Activity. Return all the entries below exactly, except for the images they hold.

Extracted records.
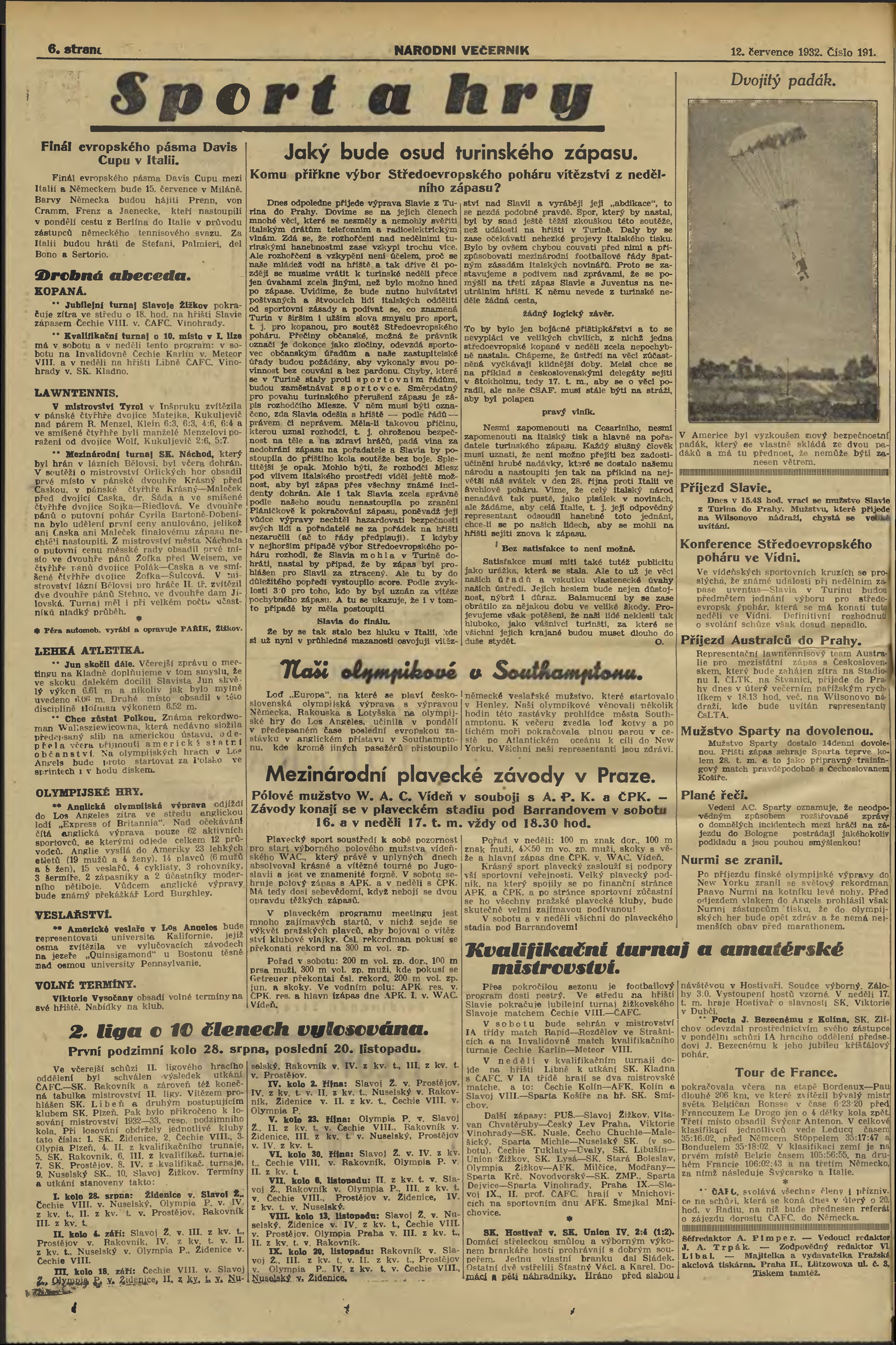 * Datum vydání výtisku: 12.7.1932 Číslo výtisku: 191 Poznámky k výtisku: večerní vydání;
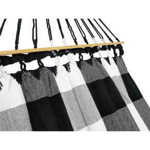 Ideal para aqueles que preferem a rede aberta, tornando o ambiente mais bonito e aconchegante, pode ser usada na varanda, áreas verdes da casa, ou dormir um sono após o almoço. Produzida com fios de algodão, artesanalmente, tecido macio e confortável, tornando o seu descanso mais relaxante e possui capacidade de peso de até 190 kg. Esse modelo especial de Rede de Dormir possui madeiras nos dois lados da rede que permite deixá-la sempre aberta. Comprimento Total:3,90 metros Dimensões tecido: 2,40 x 1,50 metros Com franja nas laterais Peso: +/- 2,800 kg Tecido em Algodão Capacidade Máxima de Carga: 190 kg Madeira: 94 cm cada madeira O prazo de validade é de tempo indeterminado. Não mancham e nem soltam tinta, desde que sejam lavadas corretamente. Pode haver uma diminuição ou esticamento de cerca de 5% do tamanho total devido à lavagem. Redes pré-selecionados que atesta a segurança e a qualidade contra os defeitos de fabricação.
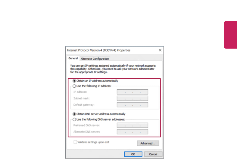 7To use an automatic IP(DHCP), select [Obtain an IP address automatically]. If you wish to use a
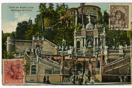 Cerro de Santa Lucia Santiago de Chile [fotografía] / Almacen de Musica Carlos Friedemann. Santiago : Almacen de Musica Carlos Friedemann, [Entre 1911 y 1915]. 1 tarjeta postal : colotipo, fotomecánico policromo sobre papel ; 14 x 9 cm. .
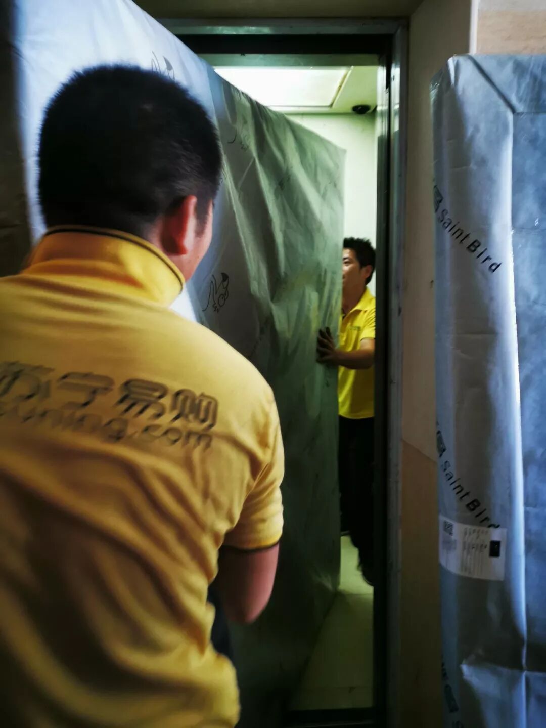 记者发现,工作人员除了满头大汗外,发现他们都乐滋滋的,了解得知,原来这一单在上楼过程中因为用户定制的家具材料尺寸刚好与所在小区楼道、电梯相匹配,这样就不用人工扛着大件上17楼了。
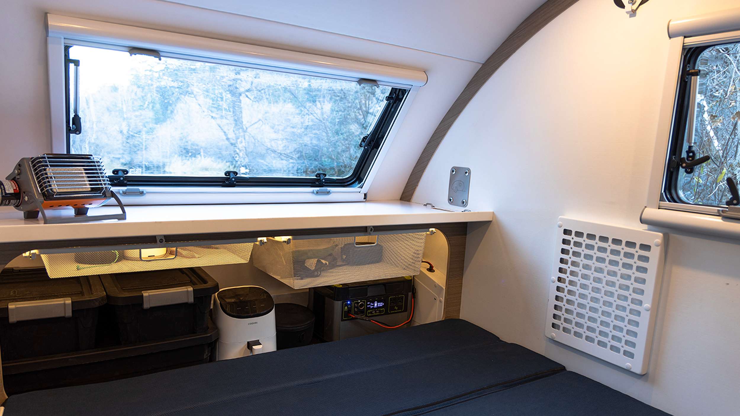 Campers can add equipment back on if they want some of the comfort features back. The options start with the two kitchens — which include a hanging kitchen organizer — and keep going. You can opt for a large driver’s side window or a smaller window and door on that side. Spare tire mounts, jacks, solar panels, fans, and many other features are offered.
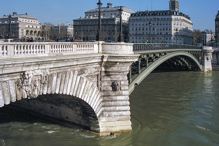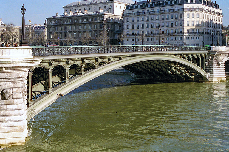 この1853年の新橋の失敗は、1512年の旧橋の基礎をそのまま使ったこと。その上に建てられた橋脚は、その時点でのセーヌ川の流れと一致しなかったため、何度も船がぶつかる事故が起きた。そこで、5スパンあるアーチのうち、両端の2つを残し、真ん中の3つを壊し、代わりにスパン59.5mの鋼アーチを架けることが決まり、アレクサンドル3世橋を手掛けた超一流の橋梁技術者ジャン・レザル(Jean Résal)が設計を担当した(完成は1912年)。形式は普通の上路の開腹アーチ橋だが、アーチと桁をつなぐ垂直材の上下と、高欄に鋳鉄を使ったきめ細かな装飾が施され、アレクサンドル3世橋に負けず劣らずといった感じの出来栄え。1枚目の写真は、1853年の石アーチと1912年の鋼アーチの両方を撮ったもの。2枚目の写真は、鋼アーチのみを撮ったもの。3枚目の写真は、https://paris1900.lartnouveau.com/ponts/ のサイトから、繊細な装飾のクローズアップ写真を掲載したもの。
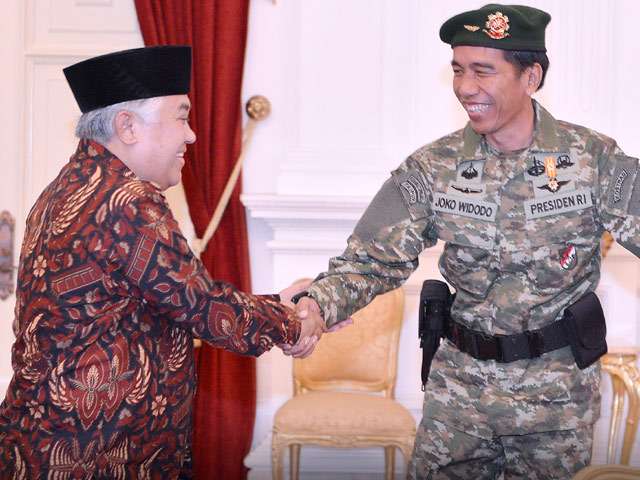 Seperti diwartakan, Presiden Jokowi menerima Ketua Umum PP Muhammadiyah di Istana Negara (Selasa, 16/6), dengan mengenakan seragam militer. Pihak Istana mengatakan, Jokowi tidak sempat ganti baju setelah menghadiri latihan perang TNI AD di Baturaja, Sumatera Selatan. Begitu mendarat di Bandara Halim Perdanakusuma, Jokowi langsung menuju Istana.
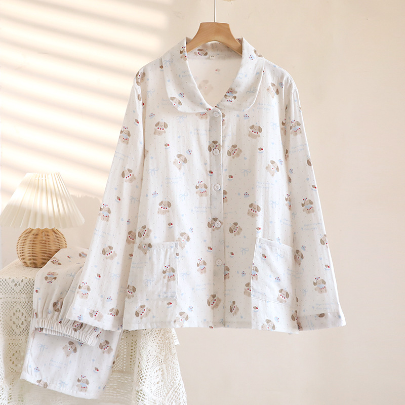컬리 테리어---긴팔 거즈 홈웨어 세트
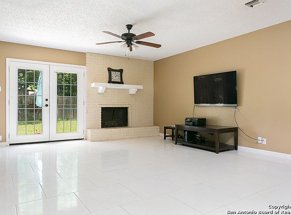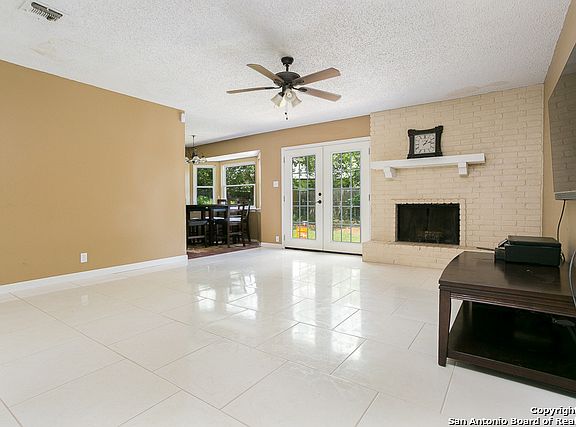Incredible value in this home with recent high end upgrades you must see! Brand new tile flooring throughout, granite countertops, beautiful cabinetry in kitchen with stainless steel appliances, new windows and french doors to patio and spacious backyard. Utility room with new cabinets and pantry storage. The large Owner's retreat has a great walk in closet, and beautiful tile work in the bathroom. *New roof completed in April* Convenient location, AFB, 1604, UTSA, parks, schools!

Solution to this problem.
 * Datum vydání výtisku: 12.7.1932 Číslo výtisku: 191 Poznámky k výtisku: večerní vydání;
 Ideal para aqueles que preferem a rede aberta, tornando o ambiente mais bonito e aconchegante, pode ser usada na varanda, áreas verdes da casa, ou dormir um sono após o almoço. Produzida com fios de algodão, artesanalmente, tecido macio e confortável, tornando o seu descanso mais relaxante e possui capacidade de peso de até 190 kg. Esse modelo especial de Rede de Dormir possui madeiras nos dois lados da rede que permite deixá-la sempre aberta. Comprimento Total:3,90 metros Dimensões tecido: 2,40 x 1,50 metros Com franja nas laterais Peso: +/- 2,800 kg Tecido em Algodão Capacidade Máxima de Carga: 190 kg Madeira: 94 cm cada madeira O prazo de validade é de tempo indeterminado. Não mancham e nem soltam tinta, desde que sejam lavadas corretamente. Pode haver uma diminuição ou esticamento de cerca de 5% do tamanho total devido à lavagem. Redes pré-selecionados que atesta a segurança e a qualidade contra os defeitos de fabricação.
 7To use an automatic IP(DHCP), select [Obtain an IP address automatically]. If you wish to use a
 Cerro de Santa Lucia Santiago de Chile [fotografía] / Almacen de Musica Carlos Friedemann. Santiago : Almacen de Musica Carlos Friedemann, [Entre 1911 y 1915]. 1 tarjeta postal : colotipo, fotomecánico policromo sobre papel ; 14 x 9 cm. .
 记者发现,工作人员除了满头大汗外,发现他们都乐滋滋的,了解得知,原来这一单在上楼过程中因为用户定制的家具材料尺寸刚好与所在小区楼道、电梯相匹配,这样就不用人工扛着大件上17楼了。
 Campers can add equipment back on if they want some of the comfort features back. The options start with the two kitchens — which include a hanging kitchen organizer — and keep going. You can opt for a large driver’s side window or a smaller window and door on that side. Spare tire mounts, jacks, solar panels, fans, and many other features are offered.
 この1853年の新橋の失敗は、1512年の旧橋の基礎をそのまま使ったこと。その上に建てられた橋脚は、その時点でのセーヌ川の流れと一致しなかったため、何度も船がぶつかる事故が起きた。そこで、5スパンあるアーチのうち、両端の2つを残し、真ん中の3つを壊し、代わりにスパン59.5mの鋼アーチを架けることが決まり、アレクサンドル3世橋を手掛けた超一流の橋梁技術者ジャン・レザル(Jean Résal)が設計を担当した(完成は1912年)。形式は普通の上路の開腹アーチ橋だが、アーチと桁をつなぐ垂直材の上下と、高欄に鋳鉄を使ったきめ細かな装飾が施され、アレクサンドル3世橋に負けず劣らずといった感じの出来栄え。1枚目の写真は、1853年の石アーチと1912年の鋼アーチの両方を撮ったもの。2枚目の写真は、鋼アーチのみを撮ったもの。3枚目の写真は、https://paris1900.lartnouveau.com/ponts/ のサイトから、繊細な装飾のクローズアップ写真を掲載したもの。
 Seperti diwartakan, Presiden Jokowi menerima Ketua Umum PP Muhammadiyah di Istana Negara (Selasa, 16/6), dengan mengenakan seragam militer. Pihak Istana mengatakan, Jokowi tidak sempat ganti baju setelah menghadiri latihan perang TNI AD di Baturaja, Sumatera Selatan. Begitu mendarat di Bandara Halim Perdanakusuma, Jokowi langsung menuju Istana.
컬리 테리어---긴팔 거즈 홈웨어 세트
Incredible value in this home with recent high end upgrades you must see! Brand new tile flooring throughout, granite countertops, beautiful cabinetry in kitchen with stainless steel appliances, new windows and french doors to patio and spacious backyard. Utility room with new cabinets and pantry storage. The large Owner's retreat has a great walk in closet, and beautiful tile work in the bathroom. *New roof completed in April* Convenient location, AFB, 1604, UTSA, parks, schools!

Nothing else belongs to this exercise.